Grafana Labs is hiring a Staff Software Engineer - SRE to support Grafana Cloud’s highest-value customers by increasing the reliability of cloud databases based on Mimir, Loki, Tempo, and Pyroscope. The role is remote and the team provides these databases as a SaaS product from AWS, GCP, and Azure across all regions.

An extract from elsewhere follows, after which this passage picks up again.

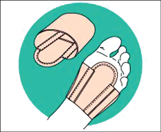 Приводим технологию применения: для выведения головок 2–4-й плюсневых костей из-под нагрузки, ленту разомкнутой манжеты подкладывали под передний отдел стопы так, чтобы карман оказывался выпуклой стороной обязательно под этими головками. После чего натягивали ленту и совмещали ее концы таким образом, чтобы поверхности «липучек» совпали и слиплись. Если необходимо, одновременно с этим дозированно стягивали передний отдел стопы до восстановления нормального размера поперечника, а локальным давлением вкладыша-пелота формировали поперечный свод.

The SRE team is embedded within the Mimir, Loki, and Tempo squads and focuses on delivering exceptional reliability for high-SLA customers.

Responsibilities

  • Partner closely with product engineering squads using an embedded model.
  • Own production reliability for high-SLA and complex customer environments.
  • Design and implement automation to scale reliability practices and eliminate toil.
  • Ensure customers meet SLO targets, define and evolve per-tenant SLOs and reliability models.
  • Proactively reduce SLO burn to prevent repeat incidents.
  • Serve as a primary escalation point and participate on-call for relevant incidents.
  • Lead customer-impacting incident response and post-incident reviews (PIRs/post-mortems).
  • Contribute to design documents and code reviews, influence feature design for scalability and operability.
  • Improve alert quality and reduce noisy escalations.
  • Teach and communicate SRE best practices to engineering teams.

Requirements

  • 8+ years engineering experience, with 4+ years in SRE/CRE/production engineering (strong preference for formal customer reliability engineering experience).
  • Strong Kubernetes experience in at least one cloud provider (AWS, GCP, or Azure).
  • Familiarity with infrastructure-as-code tooling (Helm, Terraform, Jsonnet, etc.).
  • Strong experience with technical leadership: leading projects, mentoring engineers, and acting as a force-multiplier.
  • Experience operating multi-tenant systems in production and designing/implementing SLOs.
  • Experience with one or more programming languages (examples listed: Go, Python, Java).
  • Knowledge of Linux operating system internals, networking, cloud storage, performance, scaling, and failure modes.
  • Excellent problem-solving and troubleshooting skills and calm, active participation in blame-free incident response.
  • Ability to partner deeply with product engineering teams and work with autonomy.
  • Strong communication skills, intellectual curiosity, transparency, bias for action, and a collaborative mindset.

Day-to-day

  • Regular 1:1s with manager and colleagues.
  • Review and create SLOs; investigate and reduce SLO budget burn through monitoring, automation, self-healing, auto-scaling, etc.
  • Improve observability of customers within their environments.
  • Design and implement solutions for reliability and scalability to meet growing demand.
  • Develop fault-tolerant design patterns and participate in PR reviews and design docs.
  • Participate in incident response including investigation, resolution, PIR, and customer communication via Bridge calls when needed.

Compensation & Benefits

  • UK base compensation range: £103,958 - £124,750 (actual compensation may vary by level, experience, and skillset). Benefits include equity, possible bonus, and other benefits listed on the company careers page.
  • 100% remote company with in-person onboarding; global annual leave policy of 30 days per annum (subject to local legislation).